小浜市中心部から南へ13キロ。標高300メートルの山中にある上根来は、いまや無住の集落ですが、地元では集落の再活性化プロジェクトが進行中です。

【1】集落には茅葺きの民家が7棟ありますが、すべてトタンで覆われ、赤錆びたものもあります。麓に移り住んだかつての住民は言いました。「このトタンが朽ちるとき、村は消える」と。
【2】傾斜地に展開する山村ゆえ、土台を石垣で固めた家や蔵が点在しています。
【3】上根来で民家とともに存在感を発揮するのが、いくつもの蔵。1メートルはあろうかという深い軒は、この地が雨や雪の多い土地であることを教えてくれます。

小浜と京を結ぶ海産物輸送の道「鯖街道」は、複数のルートに分かれていました。このうち最短ルートだったのが小浜からほぼ一直線に南下する針畑(はりはた)峠越えの道。上根来はその道沿いにあって、若狭で最後の集落でした。
上根来には宿駅としての機能はなく、古くから農村だったようです。ここは山間部にあって耕地に恵まれないことから、炭焼きが重要な稼業でした。集落を取り巻く山中にはいまも無数の炭焼き窯が残されています。重厚な石組みを残す窯の数々は、まるで古代遺跡のようです。
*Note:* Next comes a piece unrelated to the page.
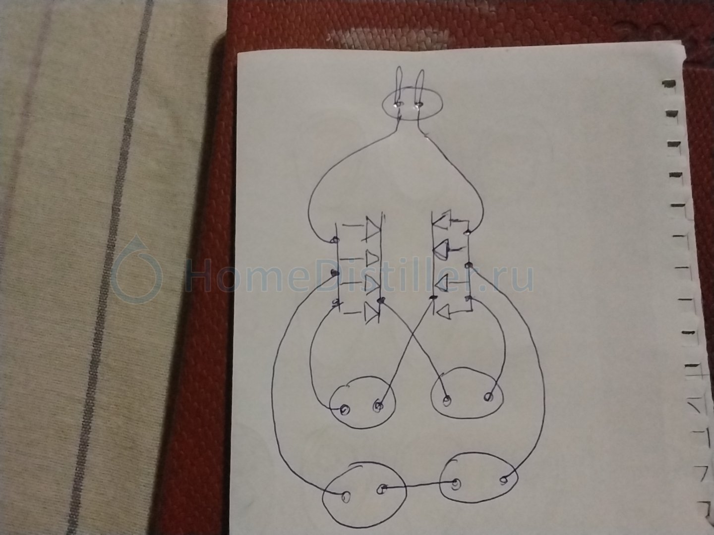 Два диода из моста задействовать? А ну если так... можно получается. Где ж вы раньше были со своими советами, когда я спрашивал какие диоды купить... Щас уже не буду переделывать. Диоды уже есть, а мост или искать или две недели ждать, и так задержался на даче, уже ноябрь будет...

深い山並みに囲まれた上根来集落(2012年9月16日)


かつての炭焼き窯(2011年10月22日)


現存する唯一の炭焼き小屋(2011年9月24日)


村外れの畜産団地跡(2012年7月15日)

石油の時代になると炭焼きから林業へ転換しましたが、安価な輸入木材が入るようになると衰退し、今度は肉牛の生産に着手します。このとき村外れに、最大で500頭を飼育できる巨大な畜産団地が建てられました。事業開始から10年ほどで初期投資を完済し、地域の産業モデルとして注目されたそうですが、直後に牛肉の輸入が自由化され、1991年に廃業したそうです。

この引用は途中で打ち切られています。